Published: · Region: Global · Category: geopolitics

CONTEXT IMAGE
Capital of Turkey
Context image; not from the reported event. Photo via Wikimedia Commons / Wikipedia: Ankara

NATO Ankara Summit Exposes Alliance Strains as Trump Clashes With Allies and Erdogan Pushes ‘NATO 3.0’

NATO leaders meeting in Ankara are confronting a summit that feels less like a show of unity and more like a stress test, with Donald Trump publicly berating allies over Iran, Spain and defense spending while Turkey pitches itself as the backbone of a ‘NATO 3.0’. Behind the family photo, the alliance is wrestling with how to modernize air defenses, manage Iran and Russia, and keep U.S. politics from fracturing its core.

The NATO summit in Ankara was supposed to showcase renewed resolve against Russia and a coordinated approach to crises from Ukraine to the Middle East. Instead, by 8 July it had become a stage for unusually public disagreements, as Donald Trump clashed with allies over Iran and defense spending while Turkey’s President Recep Tayyip Erdogan used the same platform to push his own vision of a more militarized, Turkey-centric alliance.

Trump arrived in Ankara insisting he was there “out of respect for Erdogan,” not for NATO’s ideals, according to one account, and quickly set about challenging multiple allies. On Iran, he declared that the U.S.–Iran ceasefire and memorandum of understanding were “over,” called Iranian leaders “liars” and “sick people,” and portrayed himself as the main brake on Tehran’s ambitions. His language jarred with Erdogan’s own public line at the summit, where the Turkish leader praised Trump’s “resolute leadership in putting the Iran crisis on a path toward resolution” and stressed the need for calm in Gaza and Lebanon and a two-state solution.

On the internal NATO ledger, Trump escalated his long-running campaign over defense spending by singling out Spain. He announced he was “no longer interested in any kind of business trade with Spain” and ordered a complete halt to trade ties, accusing Madrid of being a “bad member” and the only ally refusing to raise defense outlays to a new 5% of GDP target he championed. Spanish officials responded by describing ties with Washington as strong and treating Trump’s statements as routine turbulence, but the episode underscored how alliance burden-sharing disputes are bleeding into economic relations.

Erdogan, meanwhile, is using the summit to reposition Turkey as both indispensable to NATO’s security and a standard-setter for its future toolkit. In a series of speeches, he said Ankara is supporting Ukraine’s “priority needs lists initiative” and will keep contributing military aid from its own stocks, even as it uses its channels with Moscow “to steer Russia toward peace.” He also announced a significant acceleration of Turkey’s own defense build-up: raising defense spending to 3.5% of GDP before 2030, allocating an additional $24 billion to the national “Steel Dome” air and missile defense project, and aiming to meet a broader 5% security and resilience spending target by 2030, five years ahead of a 2035 benchmark set at The Hague.
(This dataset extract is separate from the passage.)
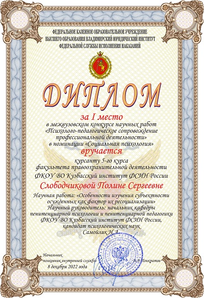 В конце 2022 года во Владимирском юридическом институте ФСИН России были подведены итоги межвузовского конкурса научных работ по психологии и педагогике «Психолого-педагогическое сопровождение профессиональной деятельности». В конкурсе приняли участие научные работы обучающихся Кузбасского института ФСИН России, Владимирского государственного университета имени А.Г. и Н.Г. Столетовых, Кировского института повышения квалификации работников ФСИН России, Вологодского института права и экономики ФСИН России.

Turkey wants its capabilities to be central to NATO’s response to new threats. Erdogan said Ankara wishes to have its counter-unmanned systems center of excellence accredited by NATO, stressing its experience against both aerial and naval drones in real-world combat. He urged the removal of restrictions among allies in defense cooperation, especially in the defense industry, and warned EU members against building parallel security structures that exclude non-EU NATO allies, arguing that such duplication wastes limited resources and creates “artificial division in Europe.”

For NATO soldiers and planners, this tug-of-war over narratives and budgets has concrete consequences. If Turkey succeeds in embedding its drone and counter-drone doctrines at alliance level, procurement and training cycles across Europe will increasingly reflect Turkish experience. If Trump’s pressure produces a de facto 5% spending expectation, many European economies will face hard trade-offs between social and military budgets, with direct implications for everything from highway projects to welfare systems, as reflected in recent candid remarks from the Czech prime minister about the strain of meeting even 2%.

Beyond the set pieces and family photos, the Ankara summit is forcing allies to confront whether the alliance can absorb the political volatility of its leading member while entrusting critical capabilities, from missile defense to drones, to a partner like Turkey that pursues its own assertive regional agenda.

The lesson for observers is that NATO cohesion is no longer just about shared threat assessments; it is about whether allies are willing to let defense policy dictate economic and political choices at home.

In the days ahead, key indicators will include any formal written communiqués that reconcile, or paper over, the split between Trump’s Iran rhetoric and Erdogan’s mediation posture; whether language on defense spending reflects Trump’s 5% push or sticks closer to 2%; and whether Turkey’s proposals on accrediting its drone center and removing defense-industrial restrictions gain concrete endorsement. How quickly allies respond to Ukraine’s requests, and whether Trump’s public quarrels chill practical cooperation with Spain and others, will show how much damage the summit’s theatrics have done beneath the surface.